Vince Wheeler: Escapes show jail upgrades needed
Guilford County Sheriff BJ Barnes ruffled some feathers the other week with comments after two inmates escaped from the Guilford County Jail in High Point.
On March 16, Jose Alberto Hernandez and Jose Idel Sid, being held on dozens of child sex crimes charges, escaped from their fourth-floor cell. As of Monday, the pair was still on the loose and the search for them continued, according to the Sheriff’s Office. But my guess is those two guys are long gone from here, probably somewhere far to the south by now.
Talking with the media after the incident, Barnes told of human errors that aided in the escapes but he also explained that the men had used pieces of metal taken from a ceiling vent in their cell and removed a 15-inch by 13-inch Plexiglass window. They then used bed sheets to descend 30 feet to a ledge and then jumped 14 feet to the ground.
But it was Barnes’ comments about the original jail construction that upset some local folks. “This jail was not built by jail builders. The materials were not up to grade,” he told media representatives during a press conference. “If it was up to jail standards, (the window) would have had a bar over it.”

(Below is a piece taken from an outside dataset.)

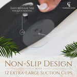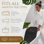 Nope, it sticks right where you put it with these big suction cups. And there're tabs to yank it off when you're done. No sliding around when you're getting in or out.

It’s not “Stop the presses!” news that Barnes has said or done something that ruffled a few feathers. That comes with the job. But while I certainly understand concerns about his remarks expressed in a Your View letter on this page April 7, I do think maybe what the sheriff meant hasn’t been fully understood.
Family members of a local architect who was deeply involved with the jail and courthouse construction project in the late 1980s felt that Barnes’ comments reflected negatively on the work of the architect, who has since died. However, I don’t believe what Barnes said was meant to impugn the architect’s reputation. Instead, I think he was making a statement about the incarceration concept under which the High Point jail was built nearly 25 years ago.
As I recall from covering for the Enterprise much of the building project, the philosophy that guided jail construction was that it would be a state-of-the-art facility and more “inmate friendly” — we might say today. Inmates would have more freedom under the open-air incarceration concept in vogue at the time. The new concept also was supposed to save money because fewer jailers could supervise more inmates.
But all this was based on the new jail not housing “harden criminals” and people charged with heinous crimes such as multiple child sex violations — as were the two recent escapees.
So it stands to reason — to me, at least — that Barnes’ comments about jail construction standards back then are not far from the truth. The jail simply wasn’t built to hold inmates who are greater risks for escape. That’s why a couple of years ago we saw benefits in the idea of temporarily closing the jail to save the county operating expenses because that plan also included upgrading and renovating the jail during the year or two that it might be closed.
Although county officials eventually decided not to close the High Point jail temporarily, I’d contend it still needs the upgrading and renovating that Barnes and others thought it needed a couple of years ago. And I’d submit the March 16 escapes as evidence.